Task statement »
Starting at the top of the records below, write out each line exactly as it stands, stopping after the line with "平台方可查看分销员的佣金,了解分销员的分销能力。"; exclude the pictures.

════════════════

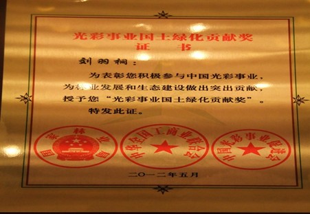 2012年 5月28日,中國光彩會四屆三次理事會在京隆重召開,全國政協(xié)副主席、中央統(tǒng)戰(zhàn)部部長、中國光彩事業(yè)促進(jìn)會會長杜青林,全國政協(xié)副主席、全國工商聯(lián)主席、中國光彩事業(yè)促進(jìn)會顧問黃孟復(fù),國家林業(yè)局黨組成員、中央紀(jì)委駐局紀(jì)檢組組長陳述賢等出席會議。會上,由中華全國工商業(yè)聯(lián)合會、國家林業(yè)局、中國光彩事業(yè)促進(jìn)會聯(lián)合對全國第四屆“光彩事業(yè)國土綠化貢獻(xiàn)獎(jiǎng)”進(jìn)行了表彰,全國有44位企業(yè)家獲得“光彩事業(yè)國土綠化貢獻(xiàn)獎(jiǎng)”。甘肅遠(yuǎn)達(dá)投資集團(tuán)有限公司董事長劉羽桐女士榮獲中國第四屆“光彩事業(yè)國土綠化貢獻(xiàn)獎(jiǎng)”。
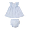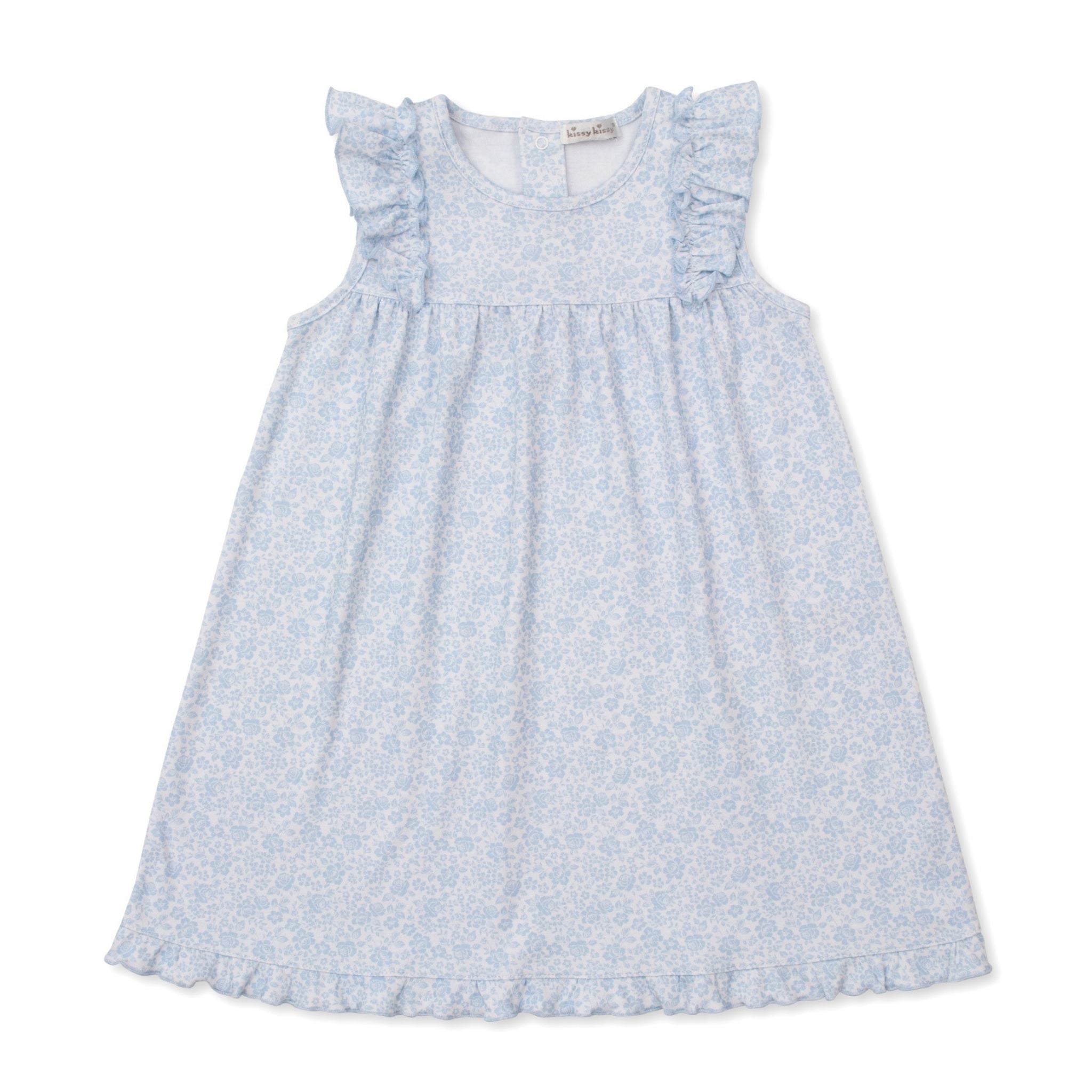 Meet your little one's new favorite dress! Wrapped in a whimsical Country Gardens print in gorgeous shades of blue, this dress is made from 100% Pima cotton that feels as good as it looks. The back snaps make getting dressed fun and fuss-free. Pure comfort meets adorable style!
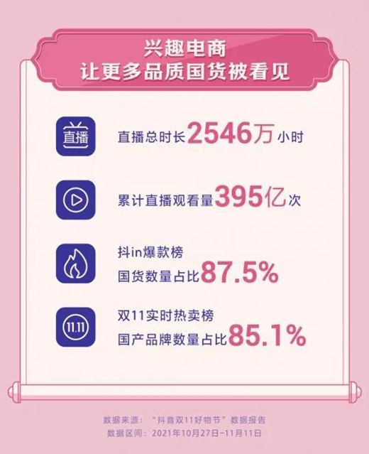 其中,抖音双11好物节期间(10月27日-11月11日),商家自播总时长达1227万小时,总体累计看播人次395亿,品牌成交额破千万(含破亿)的品牌达577个,单场成交额破千万(含破亿)直播间282个。
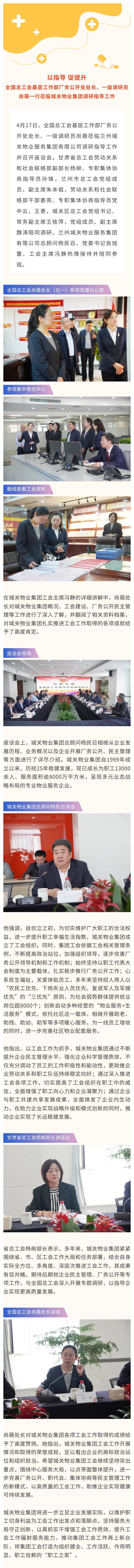 以指導 促提升|全國總工會(huì )基層工作部廠(chǎng)務(wù)公開(kāi)處處長(cháng)、一級調研員尚薇一行蒞臨城關(guān)物業(yè)集團調研指導工作
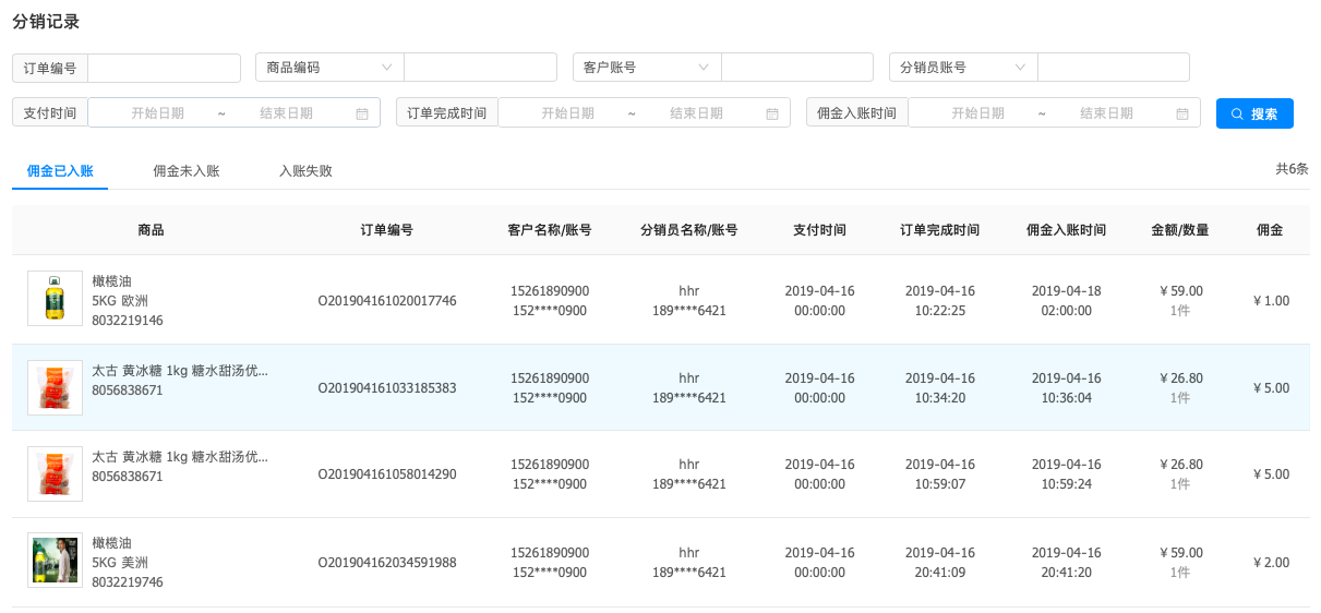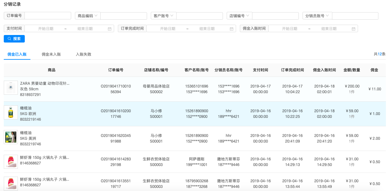 平台方可查看分销员的佣金,了解分销员的分销能力。
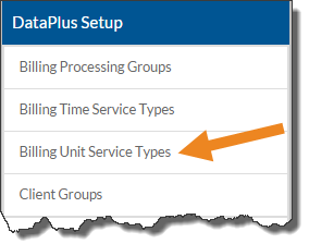 Select Billing Unit Service Types on theDataPlus Setup card.
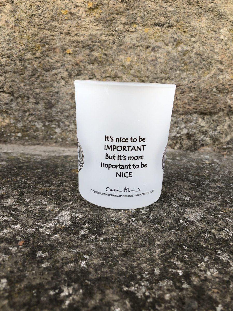 Stämningsfylld ljuslykta för värmeljus. Ett ordspråk/citat samt ett motiv som Catrin Henriksson har tecknat.
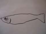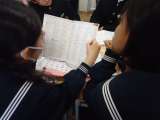 【写真上】 先生「メダカですが,ひれがありませんので,書き込んでください。」 こ...
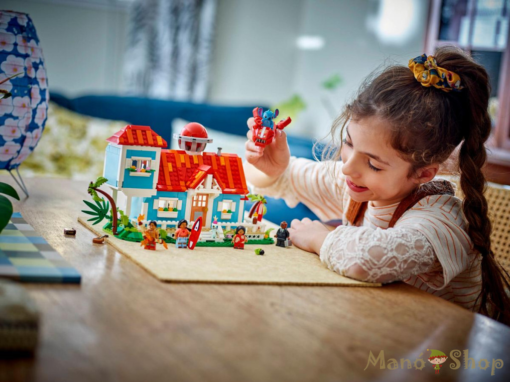 Csodálatos kalandok várnak a 9 éves vagy nagyobb rajongókra és gyerekekre a Lilo és Stitch tengerparti háza (43268) LEGO® ǀ Disney játék építőkészlettel! A szett tartalmaz egy 2-emeletes tengerpartiház-modellt, de a megépíthető Disney játék rengeteg filmes részletekkel és meglepetésekkel is vár, például 2 szörfdeszkával, Lilo babájával, Scrumppal, lemezjátszóval, befőttes üveggel és kockákból épült űrhajóval. A szetthez 5 LEGO ǀ Disney szereplő minifigurája is tartozik: David, Lilo, Kobra Bubork, Nani és Stitch, akik végtelen sok játéklehetőséggel várnak.
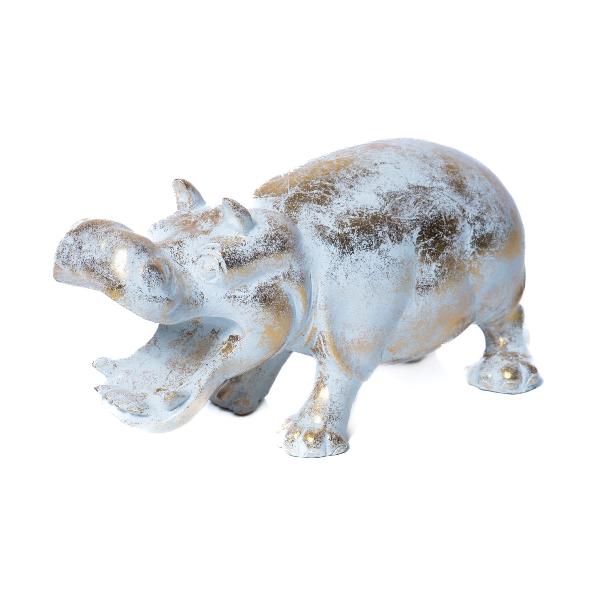 Statuetta in resina a forma di ippopotamo, rappresentato con la bocca aperta, una posa che cattura l'energia e la forza dell'animale. Il design è giocoso e vivace, perfetto per aggiungere un tocco di originalità a qualsiasi spazio.
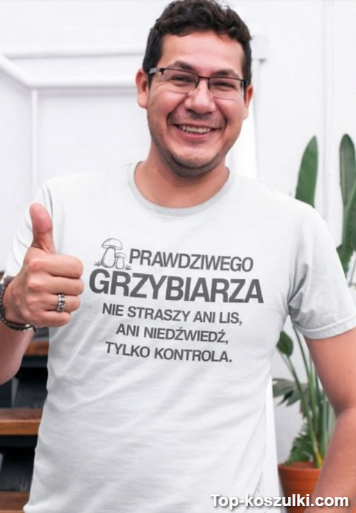 Śmieszna koszulka prawdziwy grzybiarz kontrola
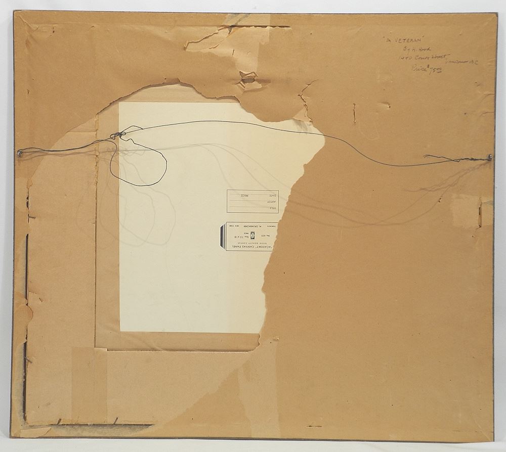 Oil on Canvas Board signed H.(Harry) Hood, 14 1/2 x 17 1/2", "A Veteran".
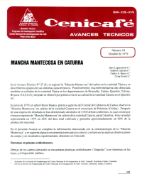Mancha mantecosa en caturra. Se amplía la descripción de la mancha mantecosa del cafeto, detallando síntomas en plántulas, hojas, ramas y frutos, asociados a menor producción y caída de frutos. La enfermedad es causada por colletotrichum y podría tener base genética. El control recomendado incluye zoqueo de árboles enfermos y eliminación de frutos, plántulas y almácigos afectados.
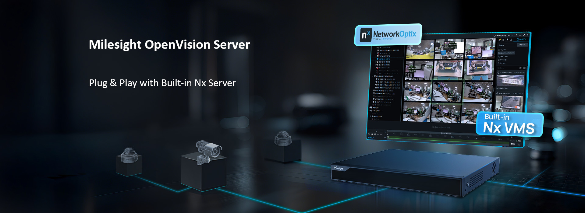 Milesight OpenVision Server to wstępnie skonfigurowana platforma monitoringu typu plug-and-play z wbudowanym serwerem Nx VMS. Zaprojektowana z myślą o szybkim i bezproblemowym wdrożeniu, łączy w sobie wydajny sprzęt i inteligentne oprogramowanie do zarządzania wideo w jednym kompaktowym systemie.

════════════════

Answer to this problem »
 2012年 5月28日,中國光彩會四屆三次理事會在京隆重召開,全國政協(xié)副主席、中央統(tǒng)戰(zhàn)部部長、中國光彩事業(yè)促進(jìn)會會長杜青林,全國政協(xié)副主席、全國工商聯(lián)主席、中國光彩事業(yè)促進(jìn)會顧問黃孟復(fù),國家林業(yè)局黨組成員、中央紀(jì)委駐局紀(jì)檢組組長陳述賢等出席會議。會上,由中華全國工商業(yè)聯(lián)合會、國家林業(yè)局、中國光彩事業(yè)促進(jìn)會聯(lián)合對全國第四屆“光彩事業(yè)國土綠化貢獻(xiàn)獎(jiǎng)”進(jìn)行了表彰,全國有44位企業(yè)家獲得“光彩事業(yè)國土綠化貢獻(xiàn)獎(jiǎng)”。甘肅遠(yuǎn)達(dá)投資集團(tuán)有限公司董事長劉羽桐女士榮獲中國第四屆“光彩事業(yè)國土綠化貢獻(xiàn)獎(jiǎng)”。
 Meet your little one's new favorite dress! Wrapped in a whimsical Country Gardens print in gorgeous shades of blue, this dress is made from 100% Pima cotton that feels as good as it looks. The back snaps make getting dressed fun and fuss-free. Pure comfort meets adorable style!
 其中,抖音双11好物节期间(10月27日-11月11日),商家自播总时长达1227万小时,总体累计看播人次395亿,品牌成交额破千万(含破亿)的品牌达577个,单场成交额破千万(含破亿)直播间282个。
 以指導 促提升|全國總工會(huì )基層工作部廠(chǎng)務(wù)公開(kāi)處處長(cháng)、一級調研員尚薇一行蒞臨城關(guān)物業(yè)集團調研指導工作
 平台方可查看分销员的佣金,了解分销员的分销能力。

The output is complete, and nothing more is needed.